Task prompt: What is needed is a verbatim copy of the data, minus the pictures.

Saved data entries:
........

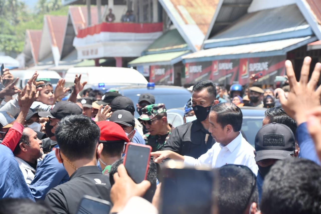 Kunjungan Presiden Jokowi ini disambut dengan antusiasme masyarakat yang tinggi. Bapak Presiden menyapa langsung masyarakat, baik di sepanjang jalan, maupun di dalam pasar-pasar tradisional.
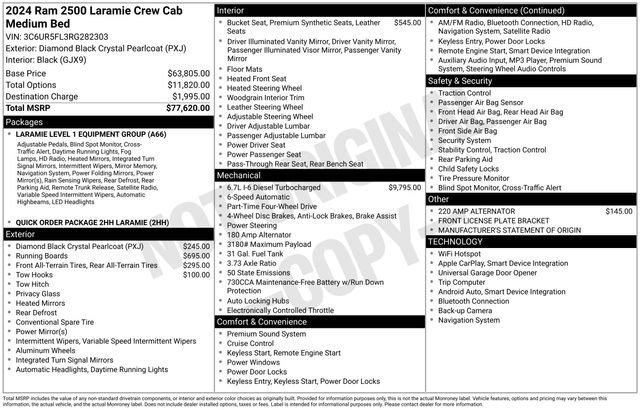 Boasting a Cummins 6.7L I6 Turbodiesel engine mated to a 6-speed automatic transmission, this Ram 2500 Laramie delivers exceptional performance and efficiency. The available 4-wheel drive system provides the traction and control you need to conquer any terrain, whether you're hauling heavy loads or exploring the great outdoors.
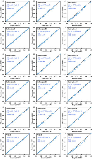Comparison between empirical and theoretical CDFs of bivariate distribution in subregions I–V and entire YRSR. The value of h is 1 if the test rejects the null hypothesis at the 5% significance level, or 0 otherwise. SED is the value of square Euclidean distance. The dotted line indicates the 1:1 line.
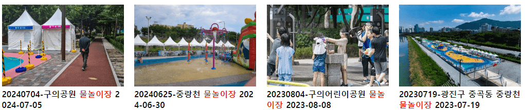 | 용허리근린공원 물놀이장 | 뒷벌어린이공원 바닥분수 | 반포종합운동장 물놀이장 |
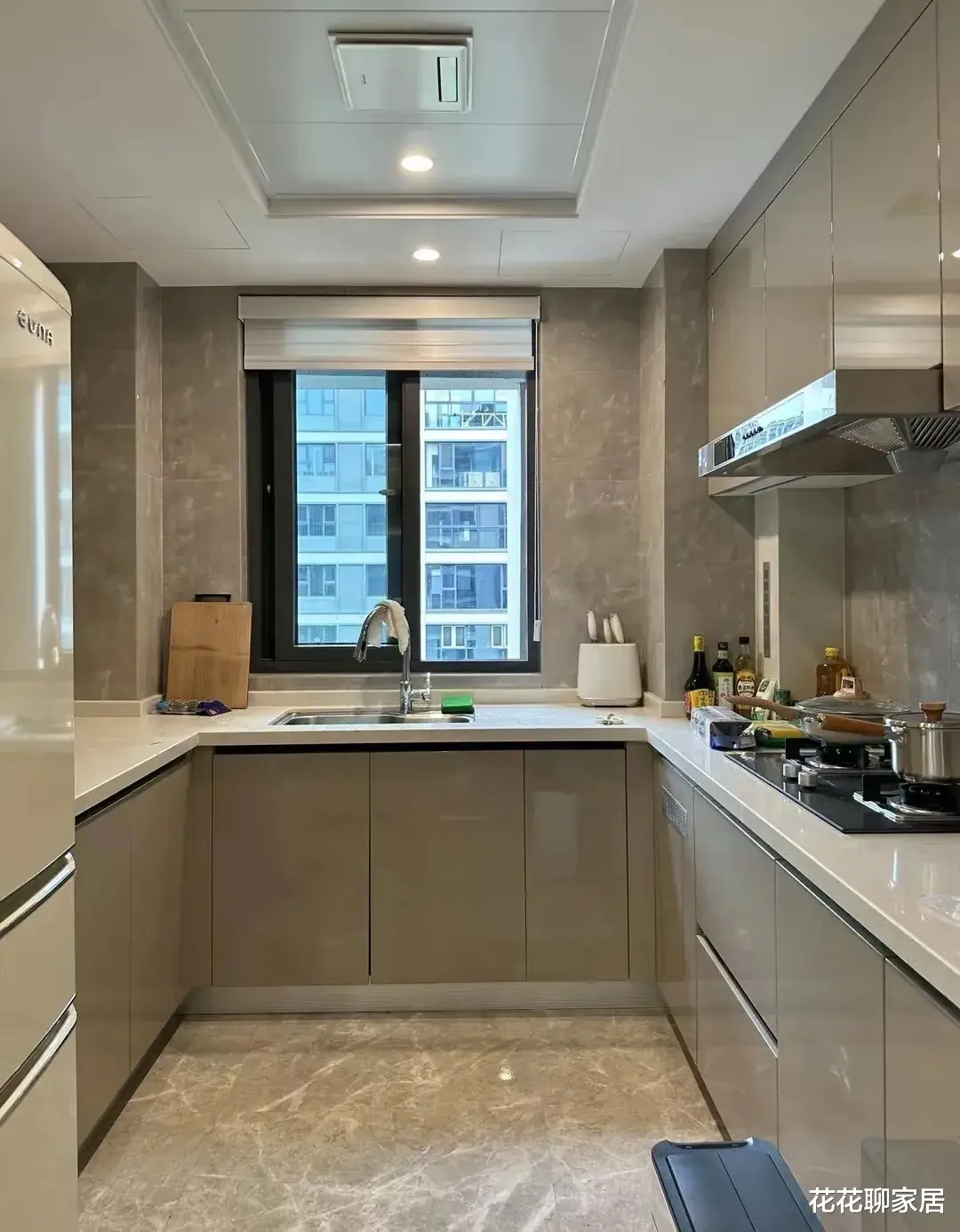 橱柜台面光滑如镜,与柜体高光面相映成趣,宛如一对默契十足的舞伴,在光影交错中演绎着厨房的优雅与和谐。
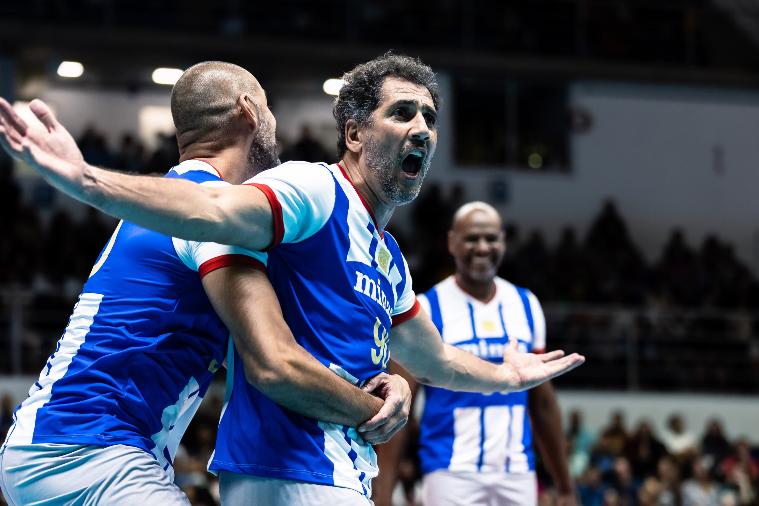 A Arena UniBH foi palco de uma noite inesquecível para o esporte brasileiro, nesta quarta-feira (23/7), com a realização do Encontro dos Tricampeões. O evento comemorou os 90 anos do Minas Tênis Clube com um duelo histórico entre grandes nomes que marcaram gerações vitoriosas do vôlei minastenista: os elencos do Fiat Minas, tricampeão nacional nas temporadas 1984, 1985 e 1986, e do Telemig Celular Minas, tricampeão da Superliga entre 1999/00 e 2001/02.
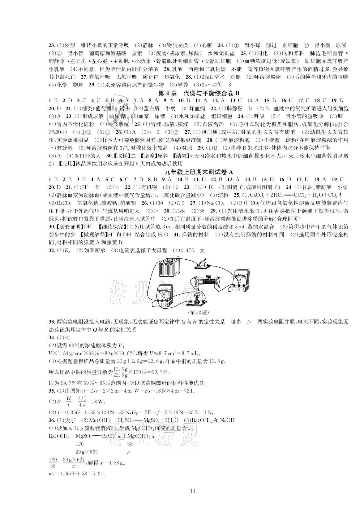 注:目前有些书本章节名称可能整理的还不是很完善,但都是按照顺序排列的,请同学们按照顺序仔细查找。练习册 2021年全优单元同步测试卷九年级科学全一册浙教版 答案主要是用来给同学们做完题方便对答案用的,请勿直接抄袭。

........

Final answer:
 Kunjungan Presiden Jokowi ini disambut dengan antusiasme masyarakat yang tinggi. Bapak Presiden menyapa langsung masyarakat, baik di sepanjang jalan, maupun di dalam pasar-pasar tradisional.
 Boasting a Cummins 6.7L I6 Turbodiesel engine mated to a 6-speed automatic transmission, this Ram 2500 Laramie delivers exceptional performance and efficiency. The available 4-wheel drive system provides the traction and control you need to conquer any terrain, whether you're hauling heavy loads or exploring the great outdoors.
Comparison between empirical and theoretical CDFs of bivariate distribution in subregions I–V and entire YRSR. The value of h is 1 if the test rejects the null hypothesis at the 5% significance level, or 0 otherwise. SED is the value of square Euclidean distance. The dotted line indicates the 1:1 line.
 | 용허리근린공원 물놀이장 | 뒷벌어린이공원 바닥분수 | 반포종합운동장 물놀이장 |
 橱柜台面光滑如镜,与柜体高光面相映成趣,宛如一对默契十足的舞伴,在光影交错中演绎着厨房的优雅与和谐。
 A Arena UniBH foi palco de uma noite inesquecível para o esporte brasileiro, nesta quarta-feira (23/7), com a realização do Encontro dos Tricampeões. O evento comemorou os 90 anos do Minas Tênis Clube com um duelo histórico entre grandes nomes que marcaram gerações vitoriosas do vôlei minastenista: os elencos do Fiat Minas, tricampeão nacional nas temporadas 1984, 1985 e 1986, e do Telemig Celular Minas, tricampeão da Superliga entre 1999/00 e 2001/02.
 注:目前有些书本章节名称可能整理的还不是很完善,但都是按照顺序排列的,请同学们按照顺序仔细查找。练习册 2021年全优单元同步测试卷九年级科学全一册浙教版 答案主要是用来给同学们做完题方便对答案用的,请勿直接抄袭。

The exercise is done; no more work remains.